Re: [PATCH] modules: Only return -EEXIST for modules that have finished loading

From: Jessica Yu
Date: Mon Apr 15 2019 - 09:20:50 EST


+++ Prarit Bhargava [15/04/19 08:04 -0400]:


On 4/15/19 7:23 AM, Jessica Yu wrote:
+++ Prarit Bhargava [02/04/19 09:39 -0400]:
Microsoft HyperV disables the X86_FEATURE_SMCA bit on AMD systems, and
linux guests boot with repeated errors:

amd64_edac_mod: Unknown symbol amd_unregister_ecc_decoder (err -2)
amd64_edac_mod: Unknown symbol amd_register_ecc_decoder (err -2)
amd64_edac_mod: Unknown symbol amd_report_gart_errors (err -2)
amd64_edac_mod: Unknown symbol amd_unregister_ecc_decoder (err -2)
amd64_edac_mod: Unknown symbol amd_register_ecc_decoder (err -2)
amd64_edac_mod: Unknown symbol amd_report_gart_errors (err -2)
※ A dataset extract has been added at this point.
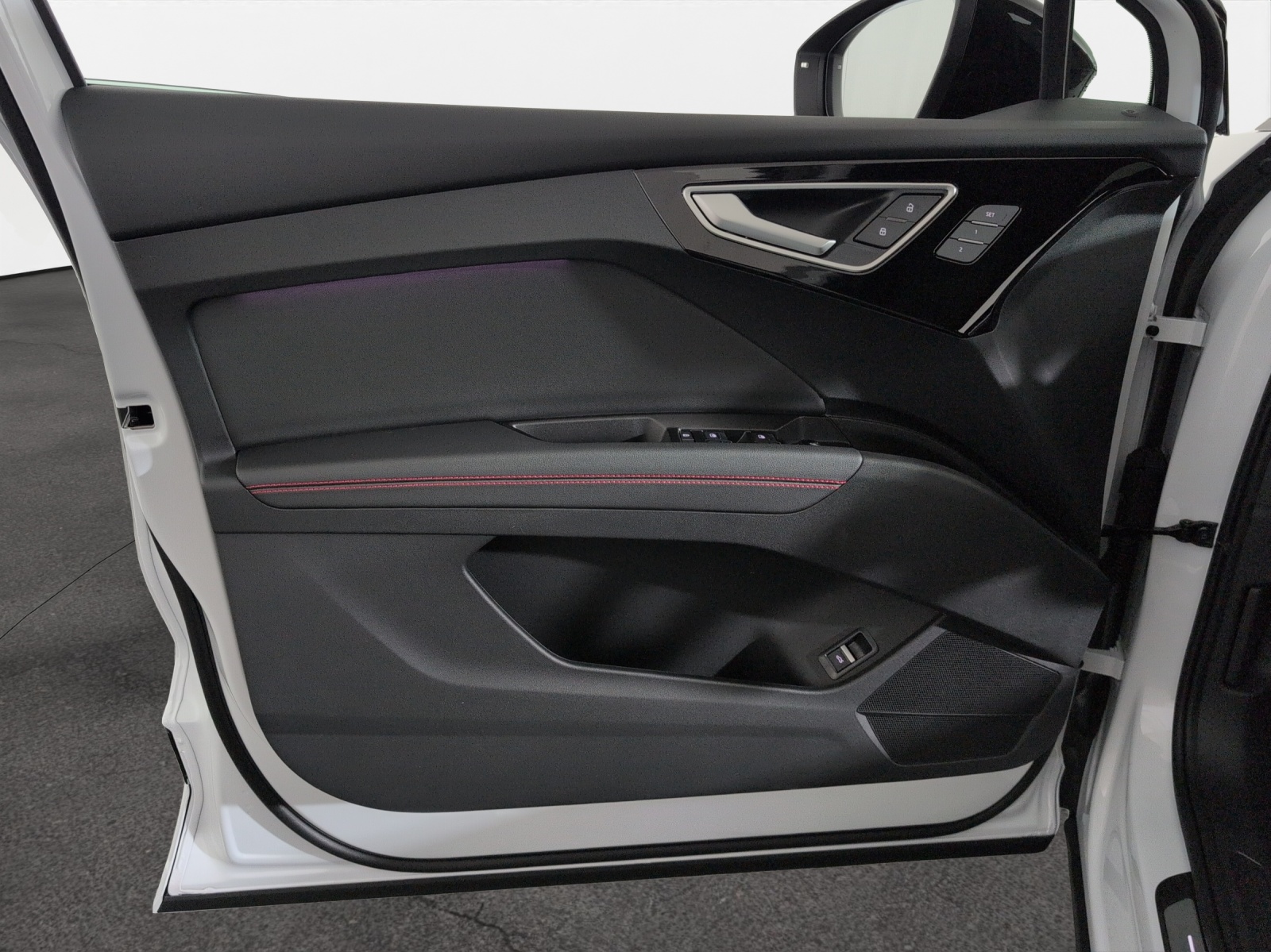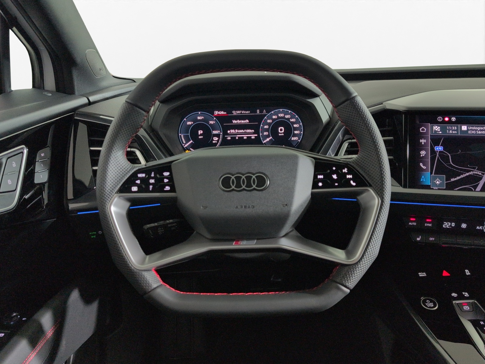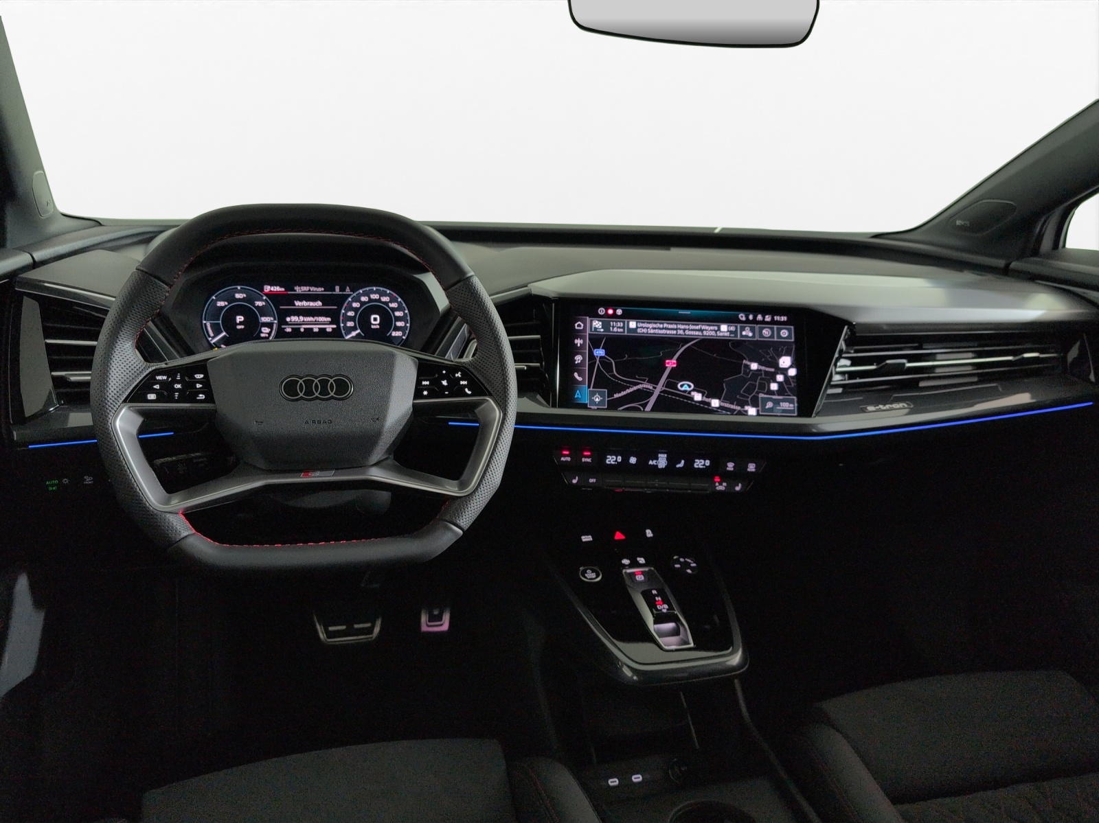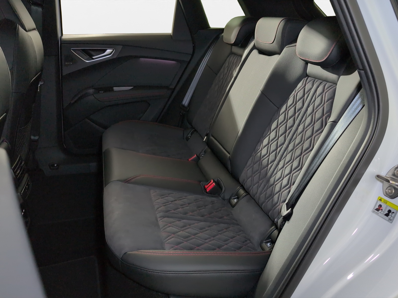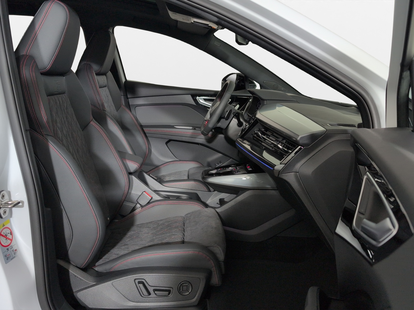 3-Punkt-Sicherheitsgurte auf allen Plätzen Airbag: Airbag für Fahrer und Beifahrer mit Beifahrer-Airbag-Deaktivierung Airbag: Seitenairbags vorn, mit Kopfairbag und Interaktionsairbag vorn Assist: Ablenkungs- und Müdigkeitserkennung Assist: Geschwindigkeitsregelanlage FOD: ACC möglich Assist: Geschwindigkeitsregelanlage mit einstellbarem Geschwindigkeitsbegrenzer Assist: Kamerabasierte Verkehrszeichenerkennung Assist: Proaktiver Insassenschutz Front, Seite und Heck Assist: Speedlimiter mit Intelligent Speed Assist Aussenspiegel in Wagenfarbe Bottom line rundum in genarbter Optik Elektronisches Stabilitäts-Programm (ESP) Fahrwerk: Komfortfahrwerk Funkschlüssel, ohne Safelock Garantie: 2 Jahre ohne Kilometerbegrenzung (ab 1. Inv.) Gepäckraumklappe ohne sensorgesteuerte Gepäckraumentriegelung Getriebe: Direktantrieb, kein Getriebe Komfortmittelarmlehne vorne Lackierung: Uni-Lackierung Ladekabel Mode 3 Typ 2 32A Licht: Audi Matrix LED-Scheinwerfer Licht: Drittes Bremslicht Licht: Nebelschlussleuchte Media: Digitaler Radioempfang (DAB) Modellbezeichnung Technologieschriftzug Performance Typenzeichen Paket: Glanzpaket mit horizontalen Fensterzierleisten in eloxiertem Aluminium Paket: Infotainmentpaket Schweiz Paket: Interieur S line mit Sportsitzen in Mikrofaser Dinamica / Kunstleder-Kombination schwarz Paket: Komfortpaket Schweiz Räder: Leichtmetallräder, 5-W-Speichen-Aero, graphitgrau, glanzgedreht Räder: Reifendruck-Kontrollanzeige Räder: Reifenreparatur-Set (Tire Fit) Sitze: Kindersitzbefestigung i-Size auf der Beifahrerseite und i-Size und Top Tether Sitze: Vordersitze heizbar Sitze: Vordersitze manuell einstellbar Stossfänger advanced mit Bottom line rundum in Kontrastlackierung Manhattangrau Metallic Verbandmaterial,Warndreieck und Warnveste Wegfahrsperre elektronisch Wärmeschutzverglasung grün getönt Zentralverriegelung mit Fernbedienung ohne Dacheinsatz (Volldach) ohne Ladekabel (Industriestecker) ohne Scheinwerferreinigungsanlage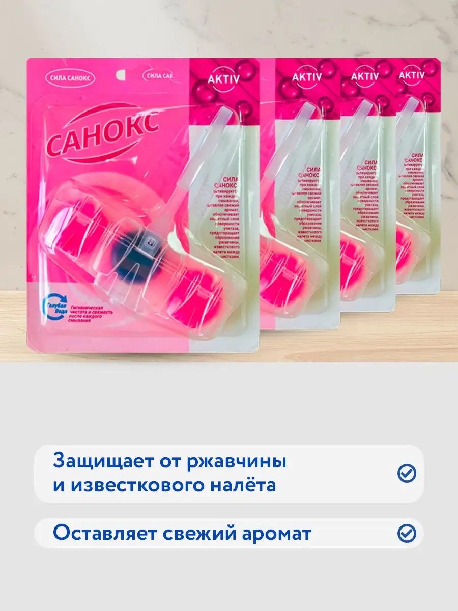 Описание: Средство для очистки унитаза Санокс Color Fresh таблетки в сменных блоках, набор 4шт. Обладает фруктовым ароматом. Современная формула шариков содержит поверхностно-активные вещества и неорганические соли, благодаря чему обеспечивает гигиеническую чистоту, защиту от бактерий. Эффективные растворяющиеся антибактериальные компоненты в составе шариков для унитаза защищают от известкового налета и от болезнетворных микроорганизмов. Использование блока убережет вашу сантехнику от известковых и солевых отложений, ржавчины и надолго продлит эксплуатацию. Блоки шариков содержат растворимый гель с освежающим ароматом. При каждом смывании воздух наполняется приятным ароматом, благодаря двойной силе шариков для унитаза, поэтому нет необходимости пользоваться дополнительными освежителями воздуха в туалете. Дезинфицирующее средство WC Санокс удобно и просто в использовании: снимите защитную пленку, повесьте блок под ободок унитаза в месте наибольшего потока воды; Блистеры для унитаза сэкономят Ваше время на уборку туалета. Блок для очистки унитаза эффективно удаляет любые загрязнения и поддерживает унитаз в чистоте длительное время, сохраняет белизну вашего унитаза. Бытовая химия от отечественного производителя АИСТ обеспечит свежесть и чистоту при каждом смывании!

The warnings occur because the module code erroneously returns -EEXIST
for modules that have failed to load and are in the process of being
removed from the module list.

module amd64_edac_mod has a dependency on module edac_mce_amd.  Using
modules.dep, systemd will load edac_mce_amd for every request of
amd64_edac_mod.  When the edac_mce_amd module loads, the module has
state MODULE_STATE_UNFORMED and once the module load fails and the state
becomes MODULE_STATE_GOING.  Another request for edac_mce_amd module
executes and add_unformed_module() will erroneously return -EEXIST even
though the previous instance of edac_mce_amd has MODULE_STATE_GOING.
Upon receiving -EEXIST, systemd attempts to load amd64_edac_mod, which
fails because of unknown symbols from edac_mce_amd.

add_unformed_module() must wait to return for any case other than
MODULE_STATE_LIVE to prevent a race between multiple loads of
dependent modules.

Signed-off-by: Prarit Bhargava <prarit@xxxxxxxxxx>
Reported-by: Cathy Avery <cavery@xxxxxxxxxx>
Cc: Jessica Yu <jeyu@xxxxxxxxxx>

Applied to modules-next. Thanks Prarit!

Jessica, could I have the URL of the git tree?

Sure, you can find the modules-next branch at:

git.kernel.org/pub/scm/linux/kernel/git/jeyu/linux.git

Thanks,

Jessica